───── Exercise data

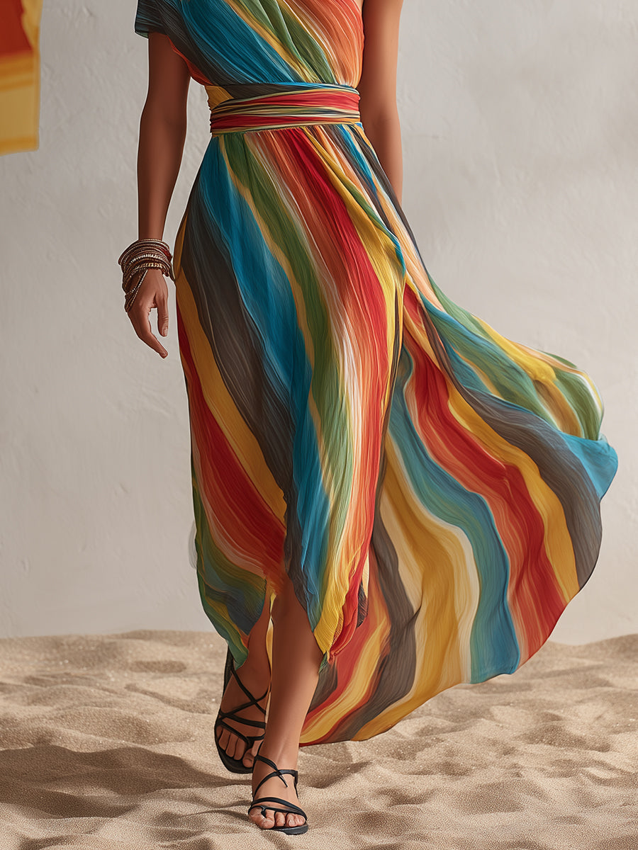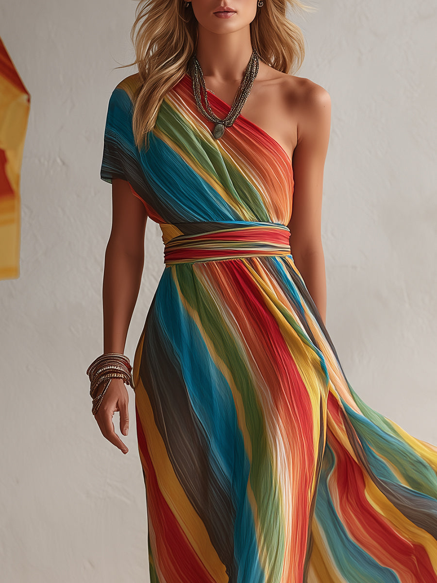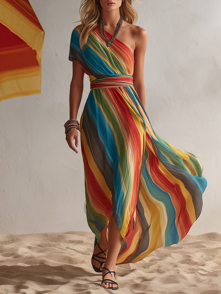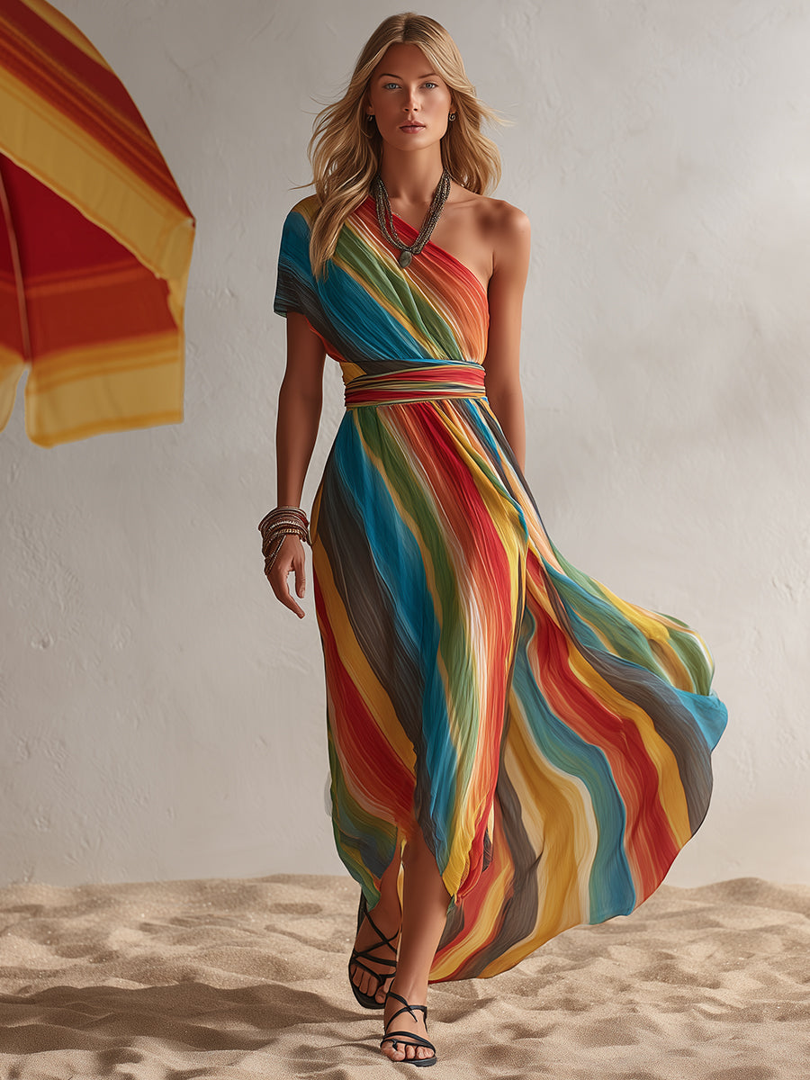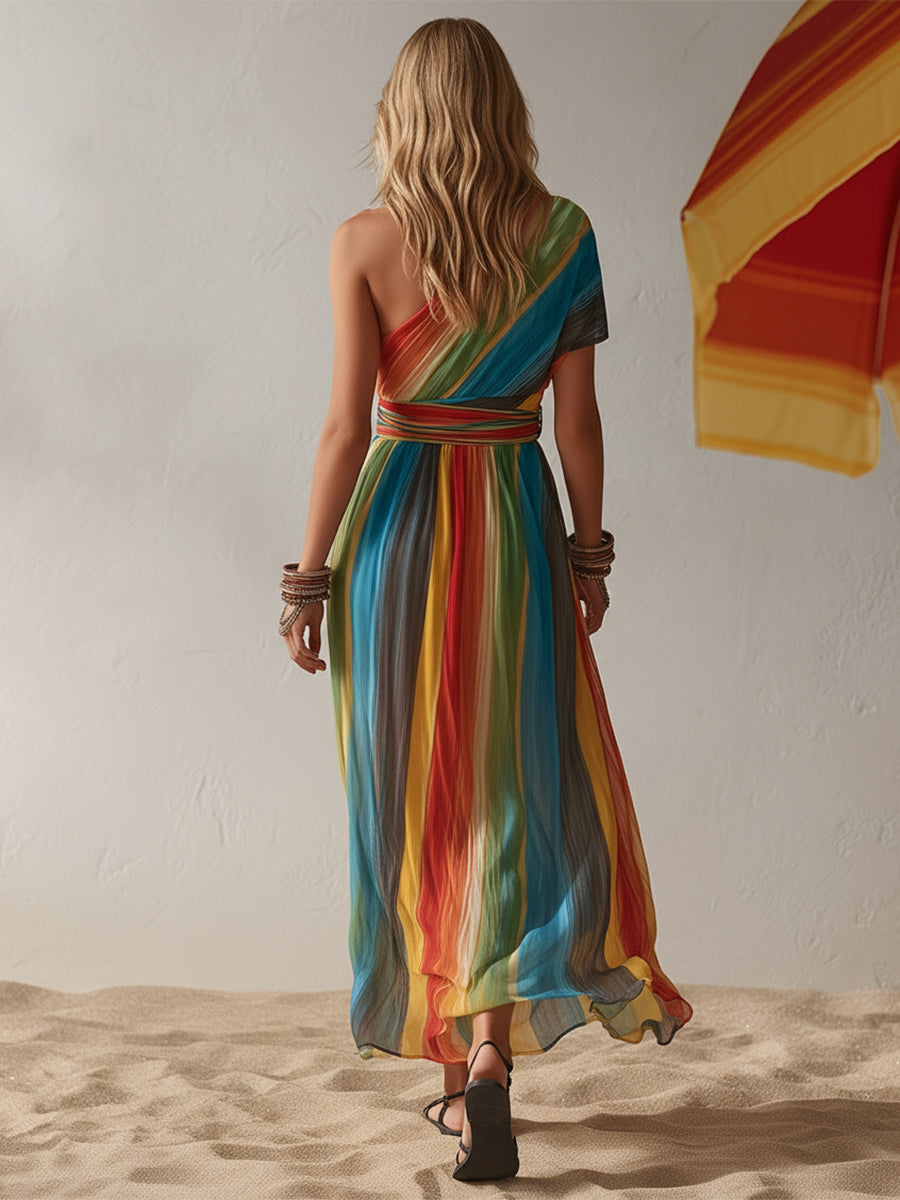 This bohemian-style resort rainbow striped chiffon one-shoulder maxi dress is a stunning fashion piece to add to your wardrobe, helping you easily create a unique look. The charming one-shoulder design adds an elegant and sophisticated touch. The lightweight chiffon fabric provides a breathable and comfortable wearing experience, allowing you to effortlessly showcase your fashionable charm.
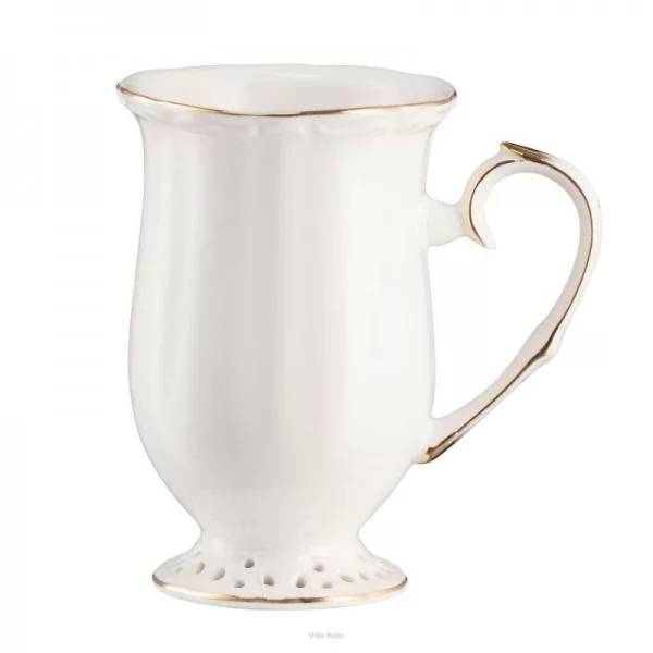 Kubek do kawy lub herbaty Clara Gold Ivory oferuje niepowtarzalny design i elegancję, której poszukujesz. Wyjątkowy kształt, delikatne tłoczenie i misterna ażurowa koronka wykonana ręcznie nadają mu wyjątkowy urok. Z kolei ręcznie malowana złota linia na obrzeżach oraz stylowe stopki dodają mu luksusowego wykończenia.
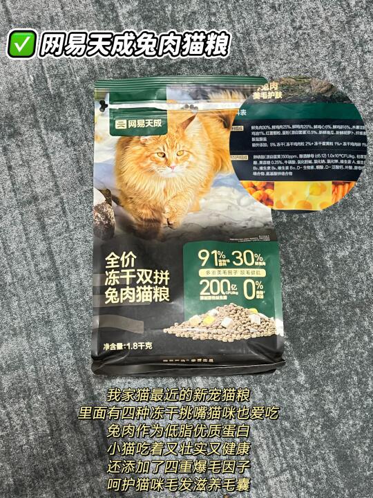 网易天成兔肉猫粮[搜索高亮]:我家猫最近的新宠猫粮,里面有四种冻干,挑嘴猫咪也爱吃。兔肉配方,作为低脂优质蛋白,小猫吃着又壮实又健康。还有四重爆毛因子,我家猫咪吃了一段时间,掉毛真的少了很多,而且摸起来贼顺滑,现在更好rua了。
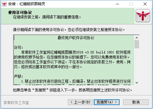 2、同意紅蜻蜓屏幕截圖工具的實(shí)用協(xié)議,點(diǎn)擊我接受

──────────

▶ [Work request]: Each line above should be printed again exactly, though the pictures should not be.

▶ [Response]:
 This bohemian-style resort rainbow striped chiffon one-shoulder maxi dress is a stunning fashion piece to add to your wardrobe, helping you easily create a unique look. The charming one-shoulder design adds an elegant and sophisticated touch. The lightweight chiffon fabric provides a breathable and comfortable wearing experience, allowing you to effortlessly showcase your fashionable charm.
 Kubek do kawy lub herbaty Clara Gold Ivory oferuje niepowtarzalny design i elegancję, której poszukujesz. Wyjątkowy kształt, delikatne tłoczenie i misterna ażurowa koronka wykonana ręcznie nadają mu wyjątkowy urok. Z kolei ręcznie malowana złota linia na obrzeżach oraz stylowe stopki dodają mu luksusowego wykończenia.
 网易天成兔肉猫粮[搜索高亮]:我家猫最近的新宠猫粮,里面有四种冻干,挑嘴猫咪也爱吃。兔肉配方,作为低脂优质蛋白,小猫吃着又壮实又健康。还有四重爆毛因子,我家猫咪吃了一段时间,掉毛真的少了很多,而且摸起来贼顺滑,现在更好rua了。
 2、同意紅蜻蜓屏幕截圖工具的實(shí)用協(xié)議,點(diǎn)擊我接受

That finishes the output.